Say I have a random variable $X$ with mgf
$M_X(t) = 1 + a_1t + a_2t^2 + a_3t^3 + \cdots $
and another random variable $Y$ with a probability distribution determined by two parameters $\theta_1$ and $\theta_2$, and with mgf
$M_Y(t) = 1 + b_1(\theta_1,\theta_2)t + b_2(\theta_1,\theta_2)t^2 + \cdots $
Suppose I want to fit the parameters of the random variable $Y$ to the random variable $X$, i.e.
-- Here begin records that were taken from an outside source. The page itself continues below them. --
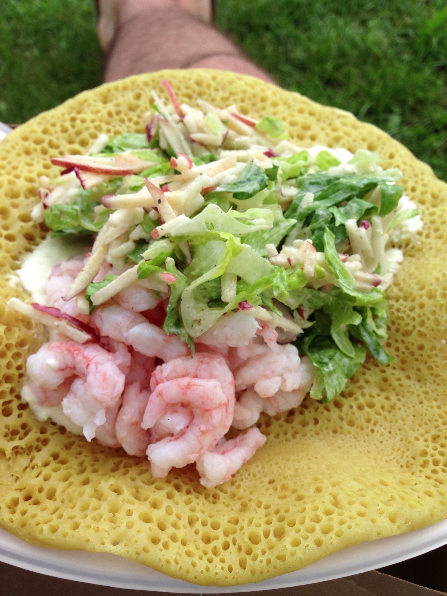 Second, something completely foreign to me: A Matane Shrimp Ploye. A Ploye is a New Brunswick dish – essentially a pancake of both buckwheat and wheat flour usually cooked only on one side. The flour mixture creates a light and somewhat airy crepe-like base to which Landry et Filles added some Matane shrimp, apples, lettuce and a wasabi mayo as a binder for the whole mixture. The shrimp was nice and fresh as one would expect from locally sourced shrimp. The apples added some crunch and a little sweetness to the mix and the wasabi mayo added just the right level of heat to the dish. All in all, a very nice well executed dish. It is a cool thing to try something completely new to you from a food truck and for that thing to be perfectly satisfying.
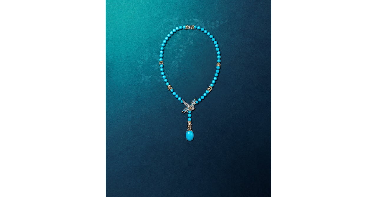 ハイジュエリーカテゴリーで際立つのが、ティファニーが1968年に発表した「レガシー ジェムストーン」であるタンザナイトを主役にしたネックレス、ブレスレット、イヤリングのシリーズと、カボション カットのターコイズにゴールドとダイヤモンドの羽根をあしらったバードモチーフのネックレスだ。後者で用いたターコイズは、ハイジュエリーにおいてダイヤモンドと組み合わせるという大胆なアプローチで当時の業界で注目を集めたシュランバージェの革新性を象徴している。
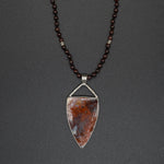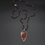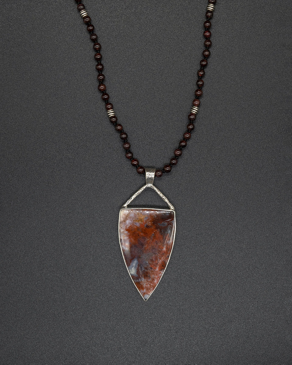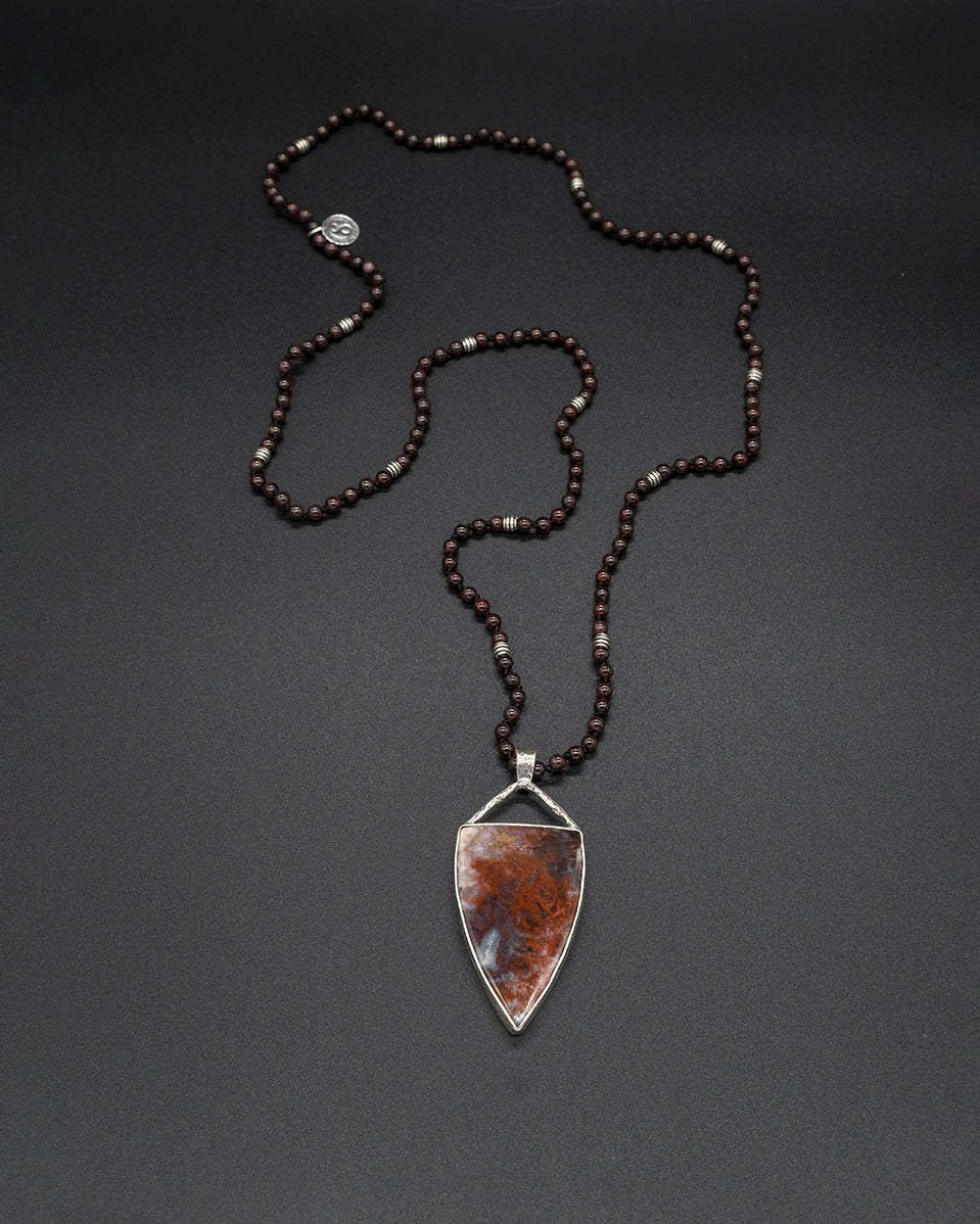 A refined piece featuring a rich red agate set in an elegant silver frame, paired with a garnet-beaded silver chain. The warm tones of agate and garnet complement each other beautifully, creating a timeless necklace with natural depth and vibrant charm.
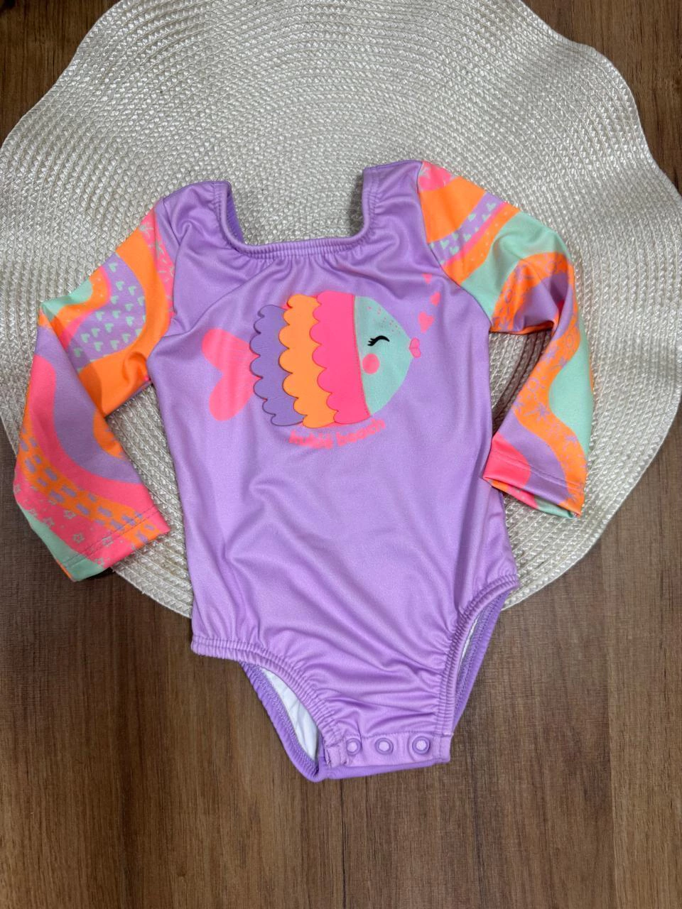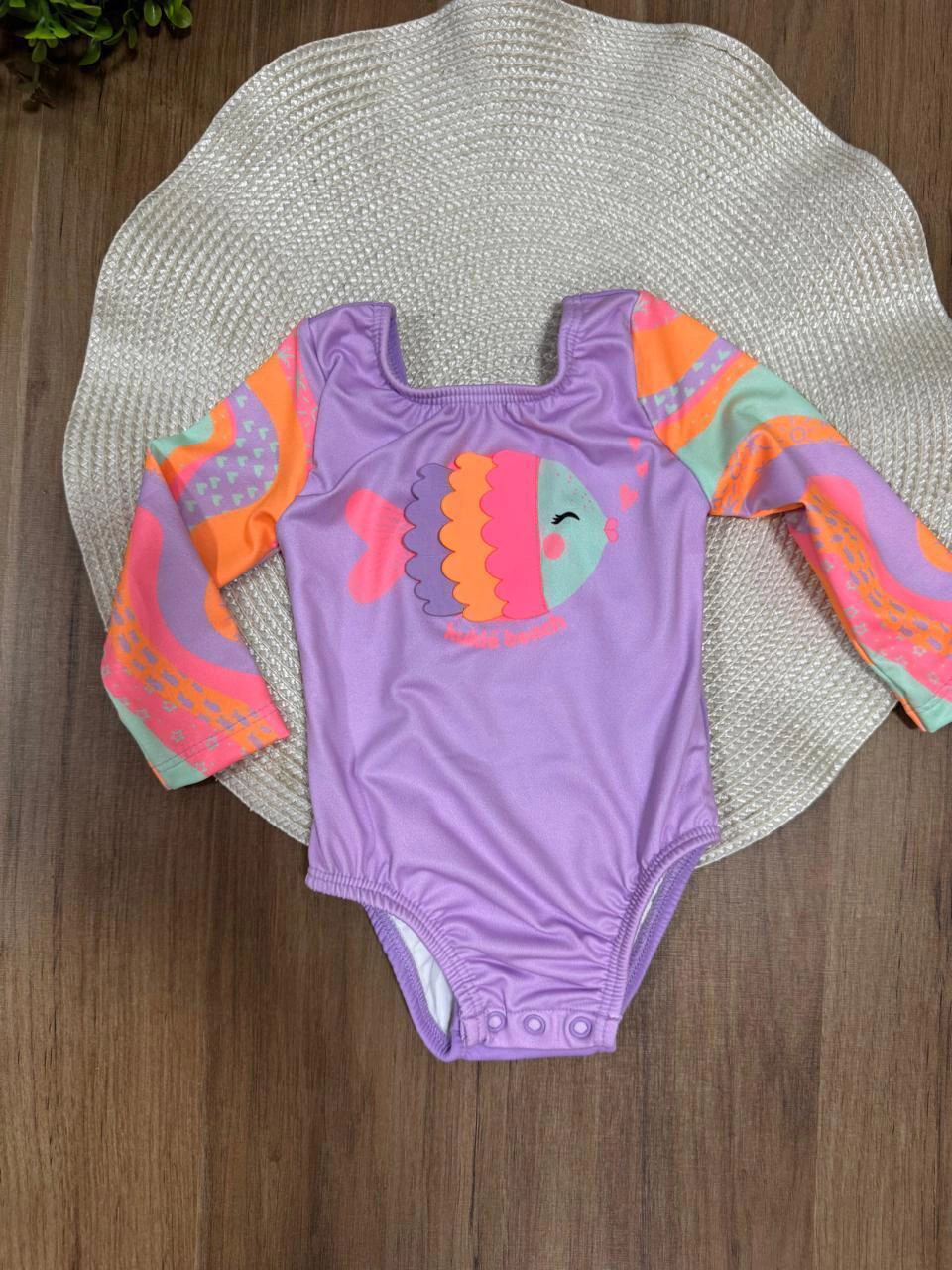 Maiô Infantil em Malha com Proteção UV50+ Peixinho Lilás Kukiê – Elegância e Segurança para os Momentos de Praia e Piscina
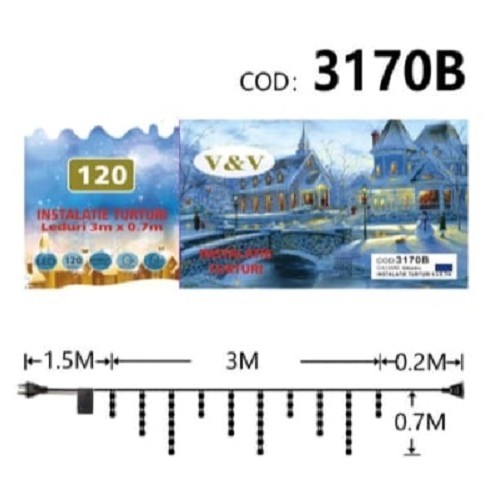 Specificatii Instalatie LED Perdea Turturi 3x0.7m Diverse Culori Fir Alb
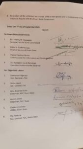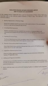 In a document sighted by the theportcitynews and signed by both representatives of the state government and Organised Labour, the two warring groups after an extensive meeting at the Council Chambers of the state government house agreed on seven key points.
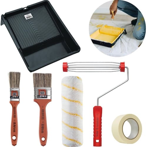 Rolo Pintura + Trincha 25Mm E 50Mm + Bandeja 2,7L + Garfo
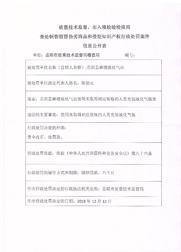 岳阳县麻塘液化气站作业人员无证充装案
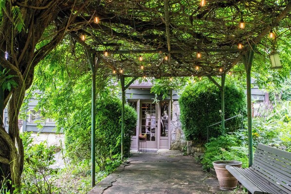Yes — the studio has its own entrance and outdoor seating.
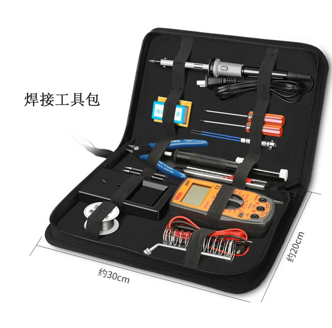 本工具包可用于电路板、元器件的日常焊接、维修使用。所含工具丰富多样、简单易用,工具包内有带固定绑带,可将各种工具稳定的绑缚在包内,便于携带、收纳使用。内含工具多为焊接常用必备工具,如:电烙铁、吸锡器,烙铁架、焊锡丝、万用表、螺丝刀等十几种工具。图片仅供参考,以实物为准。
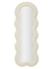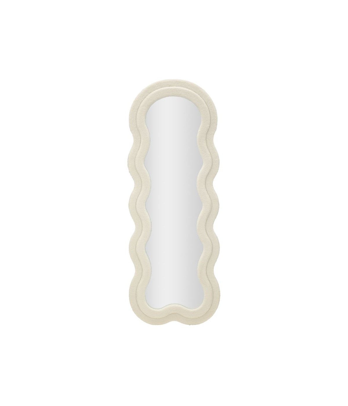 Specchio da parete crema con cornice in legno rivestita in tessuto bouclè dalle forme morbide e sinuose.
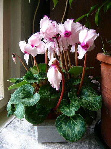 Цикламен одно из наиболее популярных цветущих зимой горшечных растений. Он поистине очарователен компактный, с красивыми, на длинных цветоносах цветками с декоративной, в серебристо зеленых узорах листвой. Цветки с отогнутыми назад лепестками ярких и пастельных тонов, крупные и бросающиеся в глазам или маленькие и душистые.
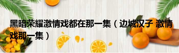 黑暗荣耀激情戏都在那一集(边城汉子 激情戏那一集)
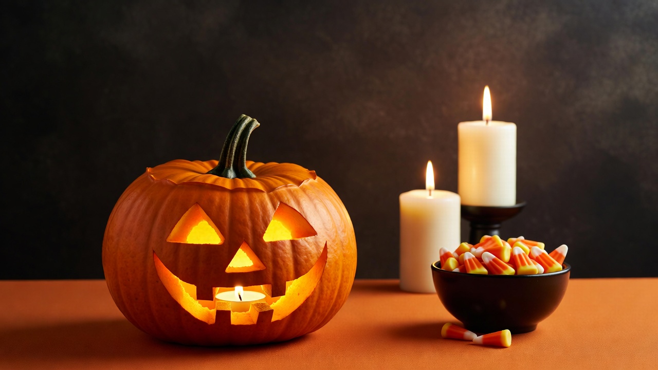 Lit Jack-o-Lantern with Candies and Candles

I want to find $\theta_1$ and $\theta_2$ so that the distribution of $Y$ most closely approximates the distribution of $X$. What is the best way to do this solely by comparing the two mgfs?
My thinking so far:
The method of moments, for example, would try to solve
$b_1(\theta_1,\theta_2) = a_1\quad$ and $\quad b_2(\theta_1,\theta_2) = a_2$
(provided these equations uniquely determine $\theta_1$ and $\theta_2$). However, this can lead to large errors in higher order moments. One could otherwise try a least-square fit by choosing $\theta_1$ and $\theta_2$ that minimize
$\sum_{i=1}^{K} |b_i(\theta_1,\theta_2) - a_i|^2$
for some large $K$. My question here is whether it is better to closely fit a small number of lower order moments, or is it better to choose a large $K$ in order to spread out the fitting error across many moments? Is there some theory in statistics that studies such problems?
The following paper seems that it could help you, Link
but it is behind a paywall so I could only see the abstract.